Our Ahistorical Antisemitism

By | Mar 23, 2022
Arts & Culture, Latest
actors in Prayer for the French Republic acting out a scene on stage

The violence happens offstage. This is usually where it happens, both in our conversations about antisemitism and in Joshua Harmon’s new play Prayer for the French Republic, which draws us into the life of a French Jewish family struggling to decide whether it is safe to remain in the country they have called home for generations. The play is just finishing an extended eight-week debut off Broadway, where it has garnered largely positive reviews. Timely and tenacious, Prayer raises some big questions about the way we understand antisemitism, challenging us as twenty-first century Americans to absorb the fullness of its terrible history and to imagine that our own lives may yet be held in its crosshairs.

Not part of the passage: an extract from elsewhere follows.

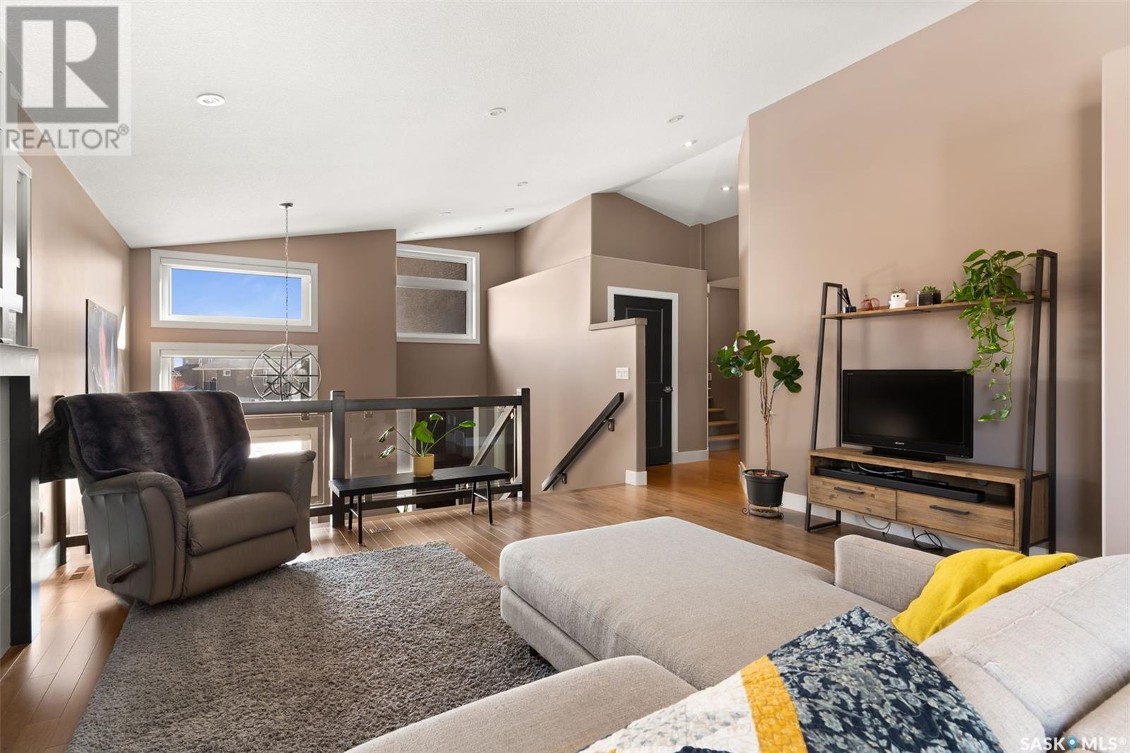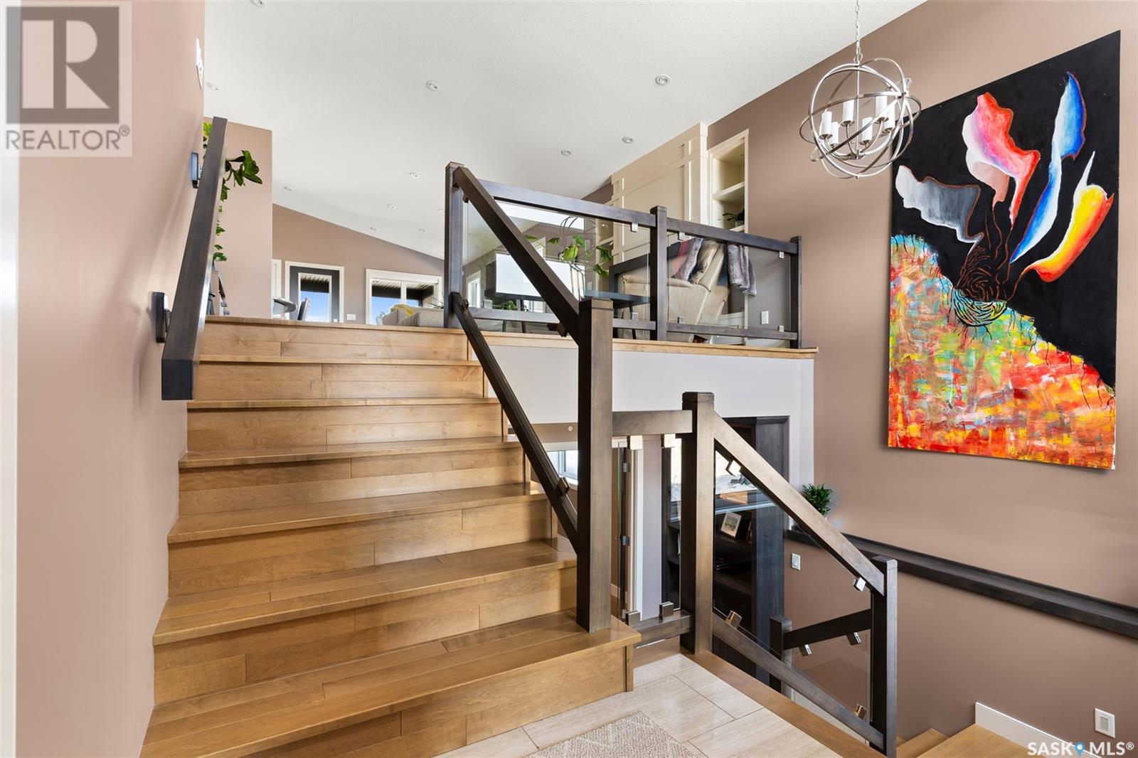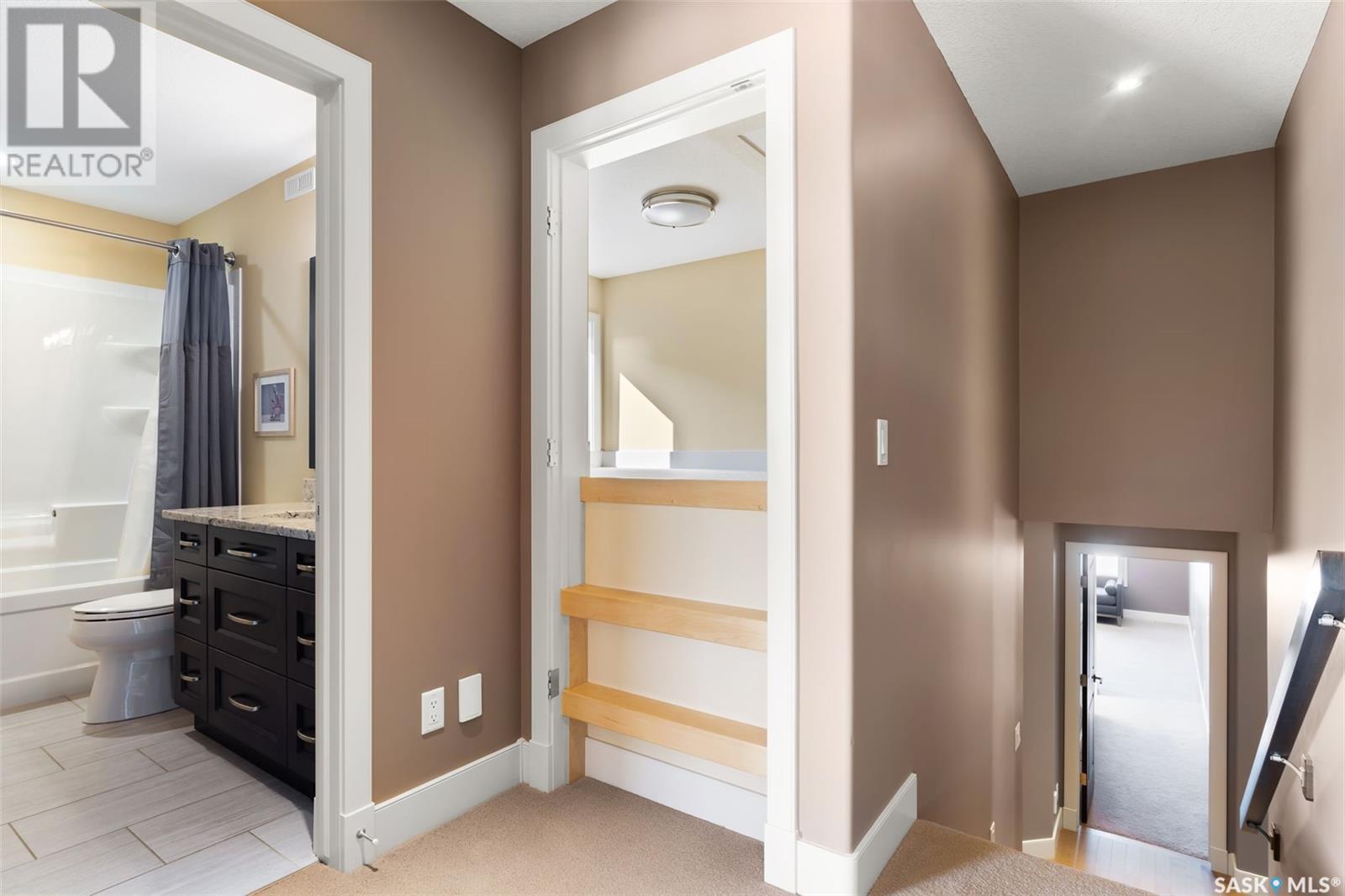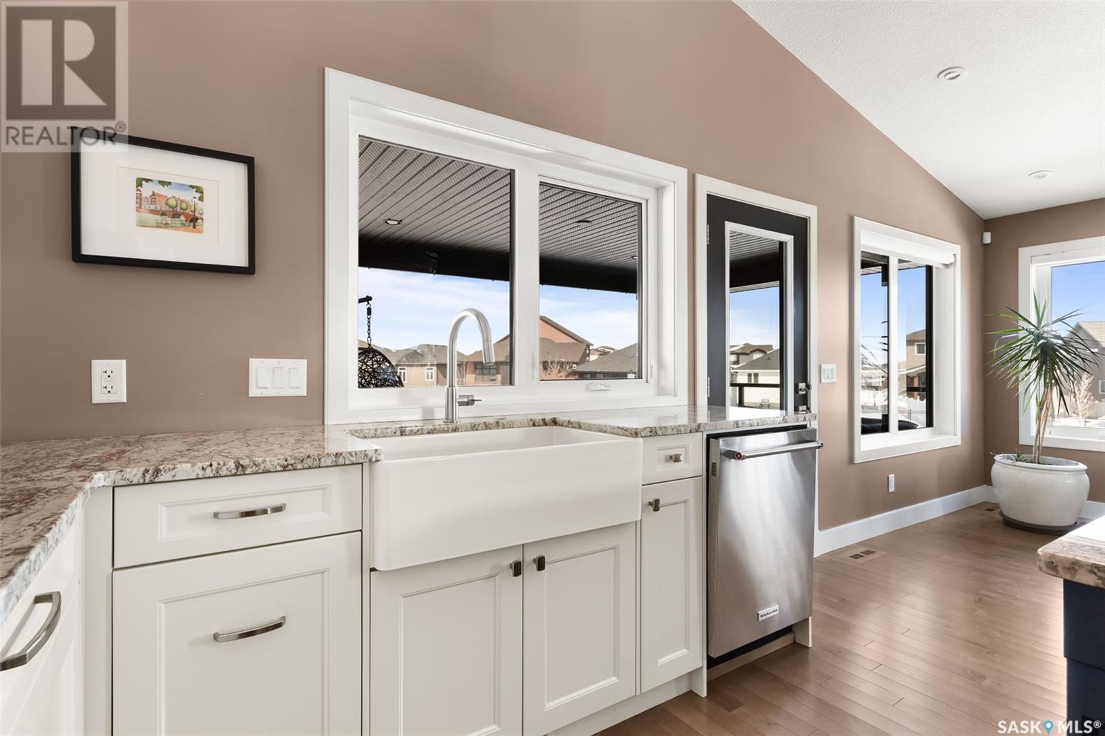 Custom-built home by Munro Homes and located in The Creeks— this exquisite by level offers over 3500 sqft of living space. Sitting on an impressive 11,000+ sq. ft. pie-shaped lot, this home blends exceptional quality with an unbeatable location. You’ll be captivated by the soaring vaulted ceilings, oversized windows that flood the space with natural light, and a warm, inviting color palette. Open-concept main floor features rich hardwood flooring plus a two-toned kitchen, complete with stainless appliances. Spacious primary bedroom includes a walk-in closet and luxurious 5 pc ensuite. Main floor also features a laundry room with built-in cabinetry and a countertop workspace. Mudroom boasts built-in lockers featuring drawers, upper cabinets for extra storage, and a closet. From here, you have direct entry to the heated double garage, which is fully finished and includes a floor drain. 2nd floor offers two bedrooms, a full bathroom, and a unique hidden nook—tucked away behind the linen closet door—perfect as a kids’ fort with its own window and TV wiring. Fully developed basement expands the home’s functionality with two additional bedrooms, a large recreation space, in-floor, plenty of storage, a full four-piece bathroom, and a spacious utility room. Enjoy summer evenings in the screened three-season sunroom, which overlooks the beautifully landscaped backyard featuring a patio, fruit trees, and raised garden boxes with timed irrigation. The yard is fully fenced and offers direct access to the walking path. The front yard is also fully landscaped and includes underground sprinklers and a lush lawn, ensuring effortless maintenance. Additional upgrades include built-in water purification, a HEPA air filtration system, built-in shelving in every closet, and a finished storage area beneath the deck. This home truly stands out for its high-quality construction (built on piles), thoughtful design, and prime location. Don’t miss the opportunity to make it yours! (id:17834)

The entirety of the play, which spans an intimidating three hours, takes place in the Paris living room of the Salomon-Benhamou family. When the curtain goes up the year is 2016, and Molly (Molly Ranson) a fresh-faced American college girl and distant cousin, has arrived to spend the weekend. It is through Molly that we enter the story and come to know the family. The father, Charles Benhamou (Jeff Seymour), immigrated to France from Algeria as a child and is now a physician in a successful private practice. The mother, Marcelle Salomon-Benhamou (Betsy Aidem), is an accomplished psychiatrist descended from Holocaust survivors. Their two adult children, Elodie (Francis Benhamou), 28, and Daniel (Yair Ben-Dor), 26, still live at home, a fact Marcelle relates with an appropriate expression of chagrin. Well-educated, hard-working, middle class, and idiosyncratic in just the right ways–it is a family that could be our own. 

Though set in Paris, with fresh croissants continuously appearing at the table, the comfortably furnished living room feels familiar and near. At the start, Marcelle and Molly are in the middle of discussing what it means to be a “traditional” Jew, when suddenly the front door bursts open and Daniel stumbles in wearing a yarmulke and covered in blood. What ensues is a whirlwind of panicked voices and movement as the family rushes to his aid. We learn that the attackers were young men, that they called out “Hey, Jew” before catching and beating Daniel. And we learn that Daniel, who has become more observant than his family, has been attacked in the same way before. “This never happened until you started dressing like this,” Marcelle sobs. She has been asking him to cover his yarmulke with a baseball cap outside. He has refused. 

We in the audience do not witness any violence, nor, for that matter, do we witness Daniel’s account of it. His recollection of the assault, punctuated by the frantic questions and exclamations of his family, is delivered from the wings, conceived as a bathroom where Charles is applying bandages. Only Molly, the American cousin, remains onstage, overhearing the story alongside us. It is a crucial moment – the antisemitic assault on Daniel will drive the entire plot of the play – but the stage directions ensure that we have little visual access to it. In making this choice, the play delineates an important dichotomy, between the French Jews who experience antisemitic violence and the American Jews who simply overhear it at a remove from the immediacy of the panic and bloodshed. As the play progresses, we discover that it is also a dichotomy between those who actively identify as Jewish, and those who, like Molly, haltingly describe themselves as being “of Jewish extraction.”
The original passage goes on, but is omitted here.